EXERCISE DIRECTIONS |
Leaving out only the pictures, write out all the entries exactly.

Segment Start: RECORD SET

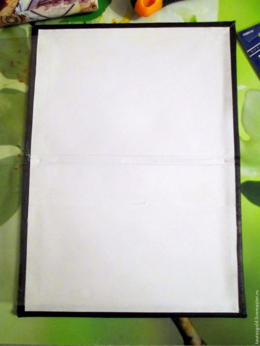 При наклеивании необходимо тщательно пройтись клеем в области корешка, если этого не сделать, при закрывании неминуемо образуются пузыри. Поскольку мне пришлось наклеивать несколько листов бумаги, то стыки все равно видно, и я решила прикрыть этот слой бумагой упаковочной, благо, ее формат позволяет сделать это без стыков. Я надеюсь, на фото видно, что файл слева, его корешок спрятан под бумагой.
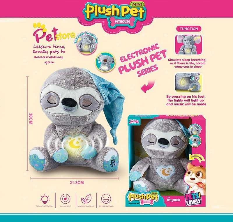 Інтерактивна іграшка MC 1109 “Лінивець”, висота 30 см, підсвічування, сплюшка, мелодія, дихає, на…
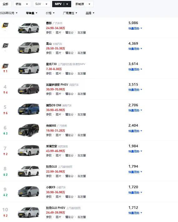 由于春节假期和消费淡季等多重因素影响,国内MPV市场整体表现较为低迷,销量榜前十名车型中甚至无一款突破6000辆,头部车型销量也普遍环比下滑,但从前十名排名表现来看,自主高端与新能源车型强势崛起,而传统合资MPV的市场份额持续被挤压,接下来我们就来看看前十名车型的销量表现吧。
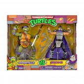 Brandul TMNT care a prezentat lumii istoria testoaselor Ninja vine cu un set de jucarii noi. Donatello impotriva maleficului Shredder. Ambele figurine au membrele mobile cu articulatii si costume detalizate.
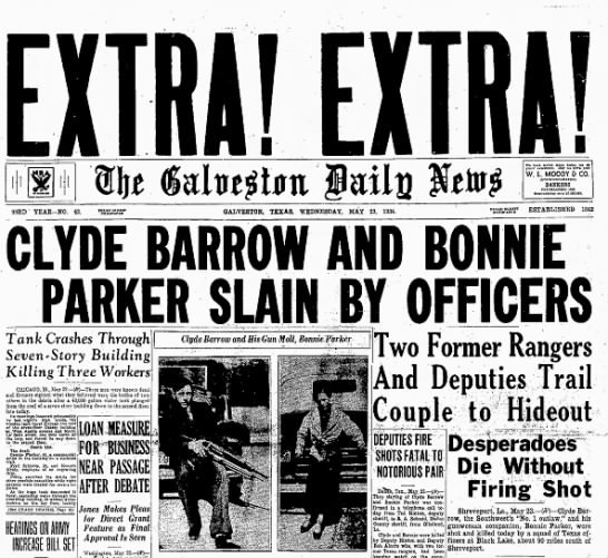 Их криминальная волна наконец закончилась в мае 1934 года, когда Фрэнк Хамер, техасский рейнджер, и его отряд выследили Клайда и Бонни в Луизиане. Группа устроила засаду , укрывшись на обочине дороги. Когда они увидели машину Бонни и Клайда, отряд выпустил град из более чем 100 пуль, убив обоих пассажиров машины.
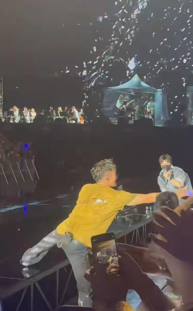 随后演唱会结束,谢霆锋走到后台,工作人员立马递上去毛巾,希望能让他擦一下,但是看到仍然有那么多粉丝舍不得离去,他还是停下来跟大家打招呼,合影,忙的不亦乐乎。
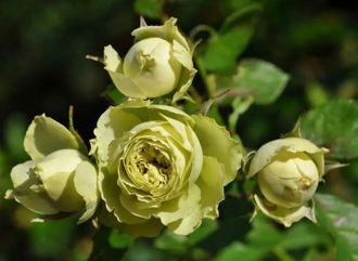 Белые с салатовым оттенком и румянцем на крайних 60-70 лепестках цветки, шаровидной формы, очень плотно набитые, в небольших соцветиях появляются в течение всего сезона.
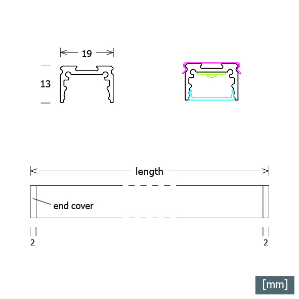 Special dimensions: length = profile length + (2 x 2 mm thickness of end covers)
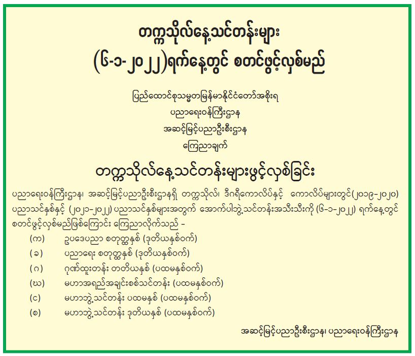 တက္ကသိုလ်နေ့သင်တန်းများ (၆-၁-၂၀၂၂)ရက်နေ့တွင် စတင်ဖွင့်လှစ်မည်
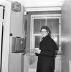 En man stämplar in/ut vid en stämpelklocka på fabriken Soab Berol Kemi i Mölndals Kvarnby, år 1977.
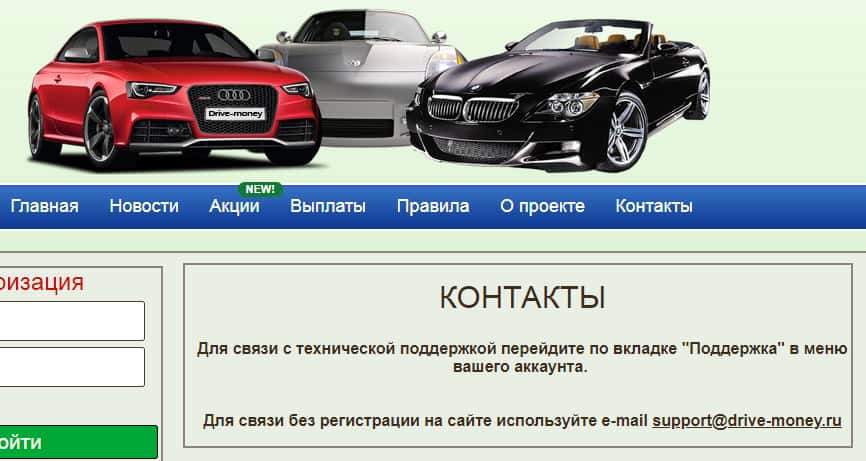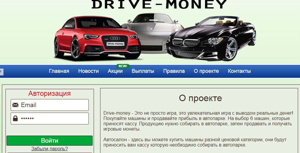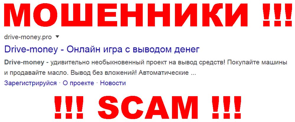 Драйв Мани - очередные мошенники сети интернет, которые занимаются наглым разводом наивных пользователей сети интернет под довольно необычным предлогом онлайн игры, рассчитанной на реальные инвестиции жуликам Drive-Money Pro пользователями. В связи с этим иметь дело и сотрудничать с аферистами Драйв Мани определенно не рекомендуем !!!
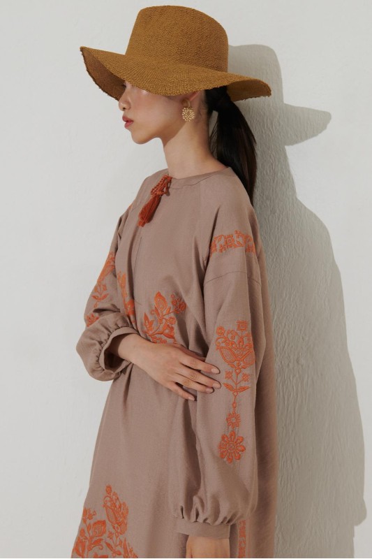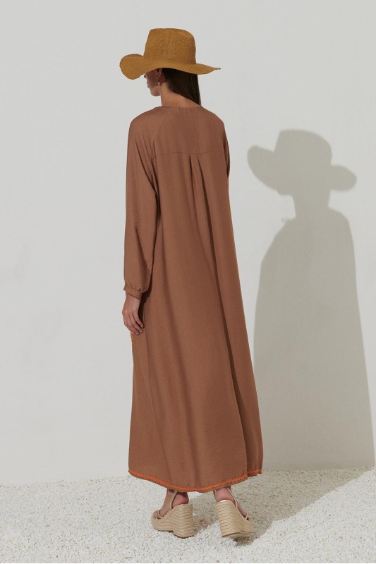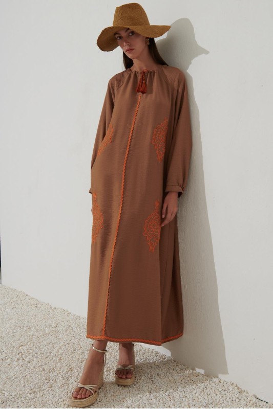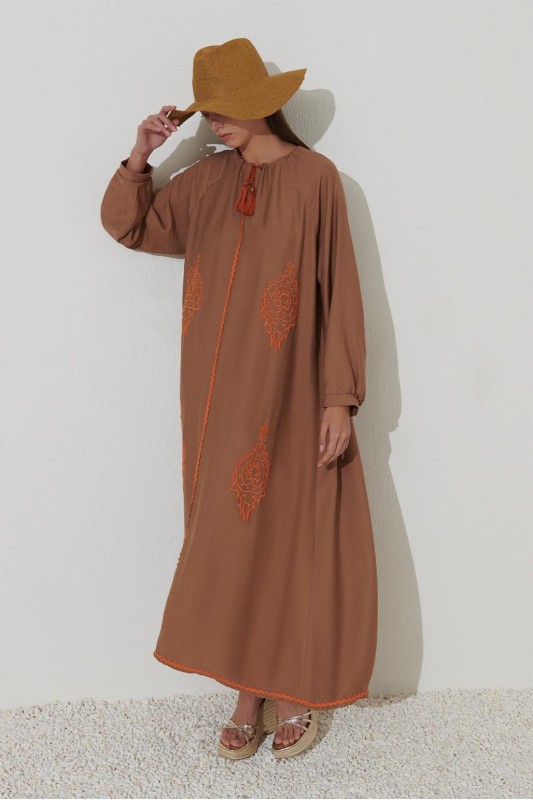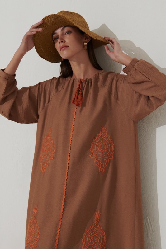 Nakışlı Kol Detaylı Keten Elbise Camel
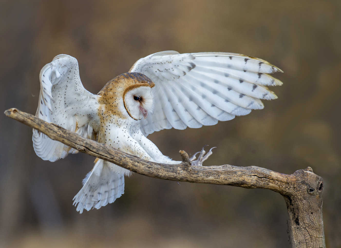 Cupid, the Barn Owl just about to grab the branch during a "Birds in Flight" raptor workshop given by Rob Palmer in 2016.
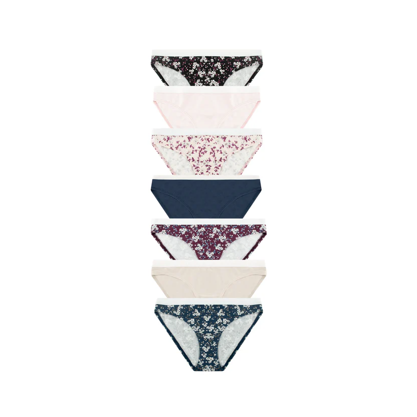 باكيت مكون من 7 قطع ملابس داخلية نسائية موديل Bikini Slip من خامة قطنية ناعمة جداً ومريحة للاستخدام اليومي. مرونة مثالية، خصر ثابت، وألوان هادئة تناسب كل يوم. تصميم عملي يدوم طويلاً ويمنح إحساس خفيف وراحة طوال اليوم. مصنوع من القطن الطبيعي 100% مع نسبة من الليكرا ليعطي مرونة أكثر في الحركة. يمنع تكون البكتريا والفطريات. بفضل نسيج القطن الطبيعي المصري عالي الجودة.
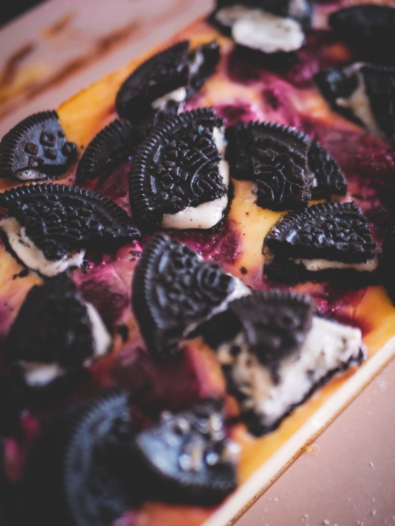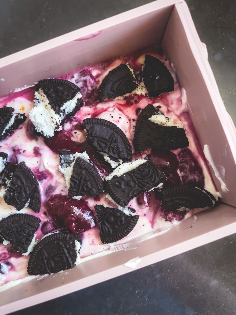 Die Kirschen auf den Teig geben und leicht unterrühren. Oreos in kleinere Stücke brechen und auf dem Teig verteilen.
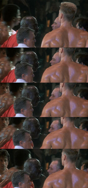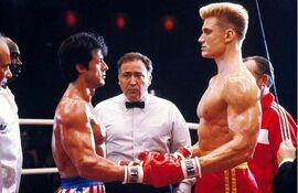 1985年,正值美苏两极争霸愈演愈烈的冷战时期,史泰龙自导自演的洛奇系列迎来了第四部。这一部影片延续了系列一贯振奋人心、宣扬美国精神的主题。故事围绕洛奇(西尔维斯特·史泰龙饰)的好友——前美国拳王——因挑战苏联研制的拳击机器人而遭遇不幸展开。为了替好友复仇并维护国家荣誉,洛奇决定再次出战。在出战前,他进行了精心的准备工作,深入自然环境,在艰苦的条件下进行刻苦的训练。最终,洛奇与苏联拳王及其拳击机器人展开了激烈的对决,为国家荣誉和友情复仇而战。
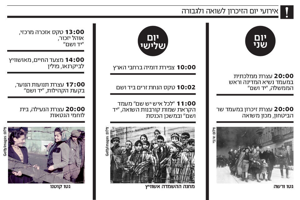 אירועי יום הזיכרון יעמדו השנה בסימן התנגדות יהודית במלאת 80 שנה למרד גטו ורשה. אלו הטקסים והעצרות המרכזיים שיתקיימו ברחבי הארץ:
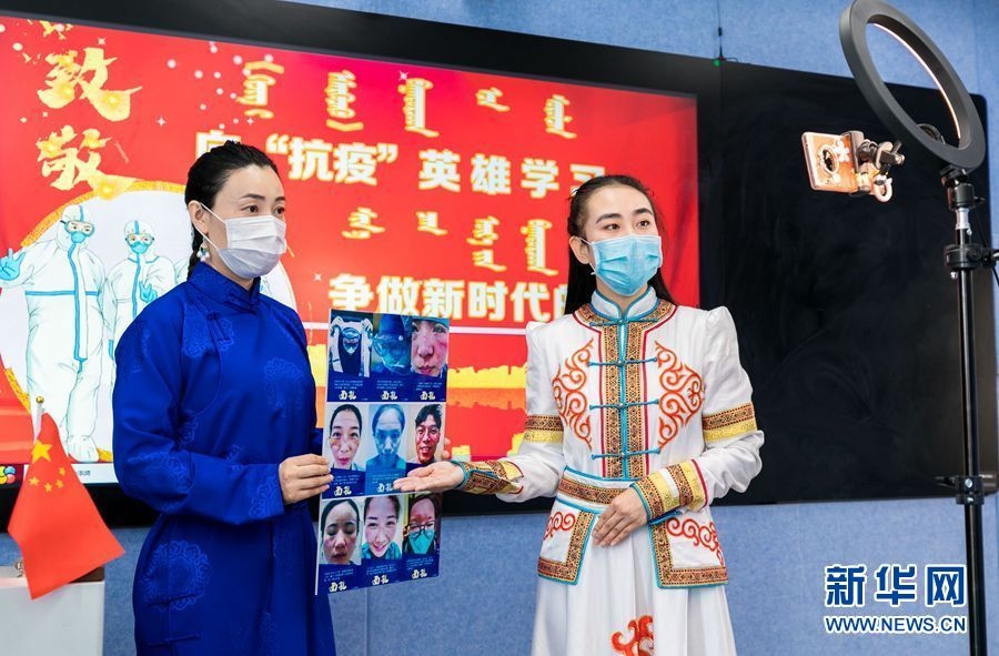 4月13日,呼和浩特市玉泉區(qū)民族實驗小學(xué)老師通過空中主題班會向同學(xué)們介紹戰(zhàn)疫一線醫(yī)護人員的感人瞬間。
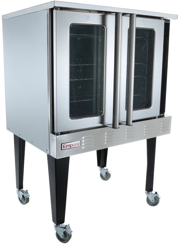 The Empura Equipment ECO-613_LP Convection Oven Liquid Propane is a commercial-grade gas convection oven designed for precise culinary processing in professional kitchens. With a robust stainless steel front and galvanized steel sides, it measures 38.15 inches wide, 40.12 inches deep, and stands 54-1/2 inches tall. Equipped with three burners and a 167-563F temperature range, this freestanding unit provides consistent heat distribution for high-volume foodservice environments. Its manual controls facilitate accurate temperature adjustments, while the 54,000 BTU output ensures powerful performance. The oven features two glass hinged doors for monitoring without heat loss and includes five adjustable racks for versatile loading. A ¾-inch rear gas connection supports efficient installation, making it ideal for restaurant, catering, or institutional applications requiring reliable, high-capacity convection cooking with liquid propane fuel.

Segment End: RECORD SET

TASK OUTPUT |
 При наклеивании необходимо тщательно пройтись клеем в области корешка, если этого не сделать, при закрывании неминуемо образуются пузыри. Поскольку мне пришлось наклеивать несколько листов бумаги, то стыки все равно видно, и я решила прикрыть этот слой бумагой упаковочной, благо, ее формат позволяет сделать это без стыков. Я надеюсь, на фото видно, что файл слева, его корешок спрятан под бумагой.
 Інтерактивна іграшка MC 1109 “Лінивець”, висота 30 см, підсвічування, сплюшка, мелодія, дихає, на…
 由于春节假期和消费淡季等多重因素影响,国内MPV市场整体表现较为低迷,销量榜前十名车型中甚至无一款突破6000辆,头部车型销量也普遍环比下滑,但从前十名排名表现来看,自主高端与新能源车型强势崛起,而传统合资MPV的市场份额持续被挤压,接下来我们就来看看前十名车型的销量表现吧。
 Brandul TMNT care a prezentat lumii istoria testoaselor Ninja vine cu un set de jucarii noi. Donatello impotriva maleficului Shredder. Ambele figurine au membrele mobile cu articulatii si costume detalizate.
 Их криминальная волна наконец закончилась в мае 1934 года, когда Фрэнк Хамер, техасский рейнджер, и его отряд выследили Клайда и Бонни в Луизиане. Группа устроила засаду , укрывшись на обочине дороги. Когда они увидели машину Бонни и Клайда, отряд выпустил град из более чем 100 пуль, убив обоих пассажиров машины.
 随后演唱会结束,谢霆锋走到后台,工作人员立马递上去毛巾,希望能让他擦一下,但是看到仍然有那么多粉丝舍不得离去,他还是停下来跟大家打招呼,合影,忙的不亦乐乎。
 Белые с салатовым оттенком и румянцем на крайних 60-70 лепестках цветки, шаровидной формы, очень плотно набитые, в небольших соцветиях появляются в течение всего сезона.
 Special dimensions: length = profile length + (2 x 2 mm thickness of end covers)
 တက္ကသိုလ်နေ့သင်တန်းများ (၆-၁-၂၀၂၂)ရက်နေ့တွင် စတင်ဖွင့်လှစ်မည်
 En man stämplar in/ut vid en stämpelklocka på fabriken Soab Berol Kemi i Mölndals Kvarnby, år 1977.
 Драйв Мани - очередные мошенники сети интернет, которые занимаются наглым разводом наивных пользователей сети интернет под довольно необычным предлогом онлайн игры, рассчитанной на реальные инвестиции жуликам Drive-Money Pro пользователями. В связи с этим иметь дело и сотрудничать с аферистами Драйв Мани определенно не рекомендуем !!!
 Nakışlı Kol Detaylı Keten Elbise Camel
 Cupid, the Barn Owl just about to grab the branch during a "Birds in Flight" raptor workshop given by Rob Palmer in 2016.
 باكيت مكون من 7 قطع ملابس داخلية نسائية موديل Bikini Slip من خامة قطنية ناعمة جداً ومريحة للاستخدام اليومي. مرونة مثالية، خصر ثابت، وألوان هادئة تناسب كل يوم. تصميم عملي يدوم طويلاً ويمنح إحساس خفيف وراحة طوال اليوم. مصنوع من القطن الطبيعي 100% مع نسبة من الليكرا ليعطي مرونة أكثر في الحركة. يمنع تكون البكتريا والفطريات. بفضل نسيج القطن الطبيعي المصري عالي الجودة.
 Die Kirschen auf den Teig geben und leicht unterrühren. Oreos in kleinere Stücke brechen und auf dem Teig verteilen.
 1985年,正值美苏两极争霸愈演愈烈的冷战时期,史泰龙自导自演的洛奇系列迎来了第四部。这一部影片延续了系列一贯振奋人心、宣扬美国精神的主题。故事围绕洛奇(西尔维斯特·史泰龙饰)的好友——前美国拳王——因挑战苏联研制的拳击机器人而遭遇不幸展开。为了替好友复仇并维护国家荣誉,洛奇决定再次出战。在出战前,他进行了精心的准备工作,深入自然环境,在艰苦的条件下进行刻苦的训练。最终,洛奇与苏联拳王及其拳击机器人展开了激烈的对决,为国家荣誉和友情复仇而战。
 אירועי יום הזיכרון יעמדו השנה בסימן התנגדות יהודית במלאת 80 שנה למרד גטו ורשה. אלו הטקסים והעצרות המרכזיים שיתקיימו ברחבי הארץ:
 4月13日,呼和浩特市玉泉區(qū)民族實驗小學(xué)老師通過空中主題班會向同學(xué)們介紹戰(zhàn)疫一線醫(yī)護人員的感人瞬間。
 The Empura Equipment ECO-613_LP Convection Oven Liquid Propane is a commercial-grade gas convection oven designed for precise culinary processing in professional kitchens. With a robust stainless steel front and galvanized steel sides, it measures 38.15 inches wide, 40.12 inches deep, and stands 54-1/2 inches tall. Equipped with three burners and a 167-563F temperature range, this freestanding unit provides consistent heat distribution for high-volume foodservice environments. Its manual controls facilitate accurate temperature adjustments, while the 54,000 BTU output ensures powerful performance. The oven features two glass hinged doors for monitoring without heat loss and includes five adjustable racks for versatile loading. A ¾-inch rear gas connection supports efficient installation, making it ideal for restaurant, catering, or institutional applications requiring reliable, high-capacity convection cooking with liquid propane fuel.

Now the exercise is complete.